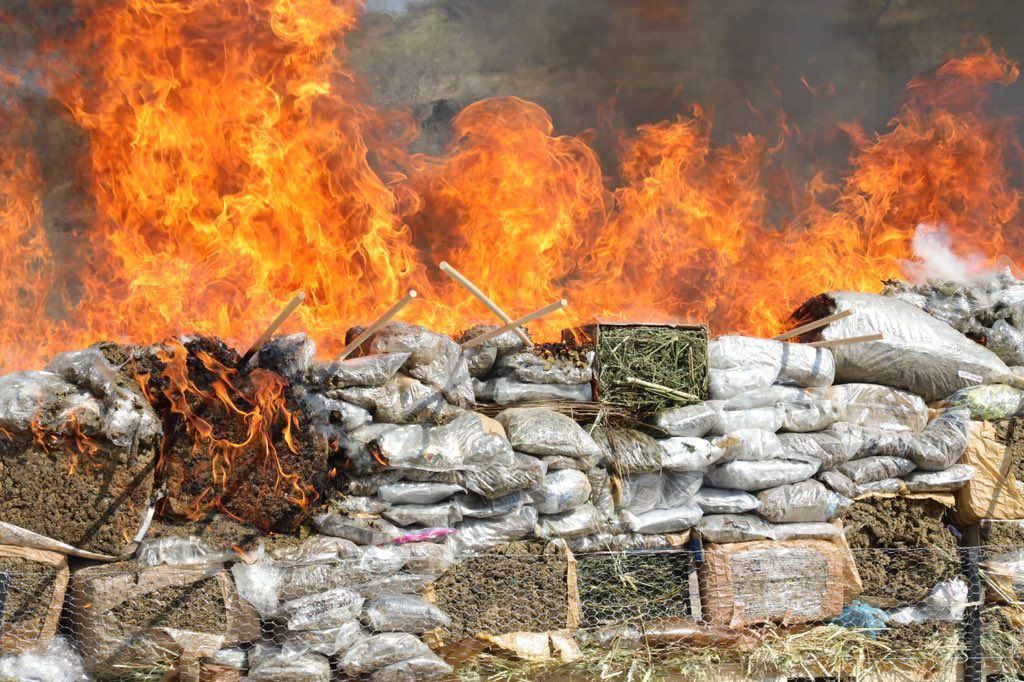 La eliminación de estas sustancias implica retirar de las calles más de mil kilogramos de marihuana, así como diversas cantidades de metanfetaminas y cocaína, lo que equivale a más de dos millones de dosis que no llegarán a la población.
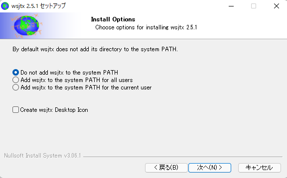 3.「Do not add wsjtx to the system PATH」にチェックを入れ「次へ」をクリックする。
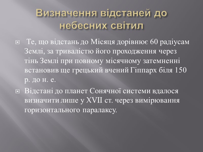 Визначення відстаней до небесних світил Те, що відстань до Місяця дорівнює 60 радіусам Землі, за тривалістю його проходження через тінь Землі при повному місячному затемненні встановив ще грецький вчений Гіппарх біля 150 р. до н. е. Відстані до планет Сонячної системи вдалося визначити лише у XVII ст. через вимірювання горизонтального паралаксу.
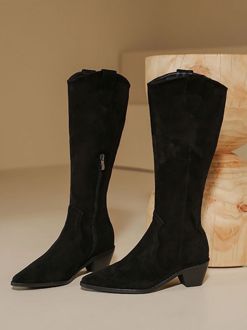Damskie Buty Do Połowy Łydki Z Mikro Zamszu I Szpiczastym Noskiem Na Grubym Obcasie

_ _ _

Problem statement:
Print the material exactly as given, but not the pictures.

Task answer:
 La eliminación de estas sustancias implica retirar de las calles más de mil kilogramos de marihuana, así como diversas cantidades de metanfetaminas y cocaína, lo que equivale a más de dos millones de dosis que no llegarán a la población.
 3.「Do not add wsjtx to the system PATH」にチェックを入れ「次へ」をクリックする。
 Визначення відстаней до небесних світил Те, що відстань до Місяця дорівнює 60 радіусам Землі, за тривалістю його проходження через тінь Землі при повному місячному затемненні встановив ще грецький вчений Гіппарх біля 150 р. до н. е. Відстані до планет Сонячної системи вдалося визначити лише у XVII ст. через вимірювання горизонтального паралаксу.
Damskie Buty Do Połowy Łydki Z Mikro Zamszu I Szpiczastym Noskiem Na Grubym Obcasie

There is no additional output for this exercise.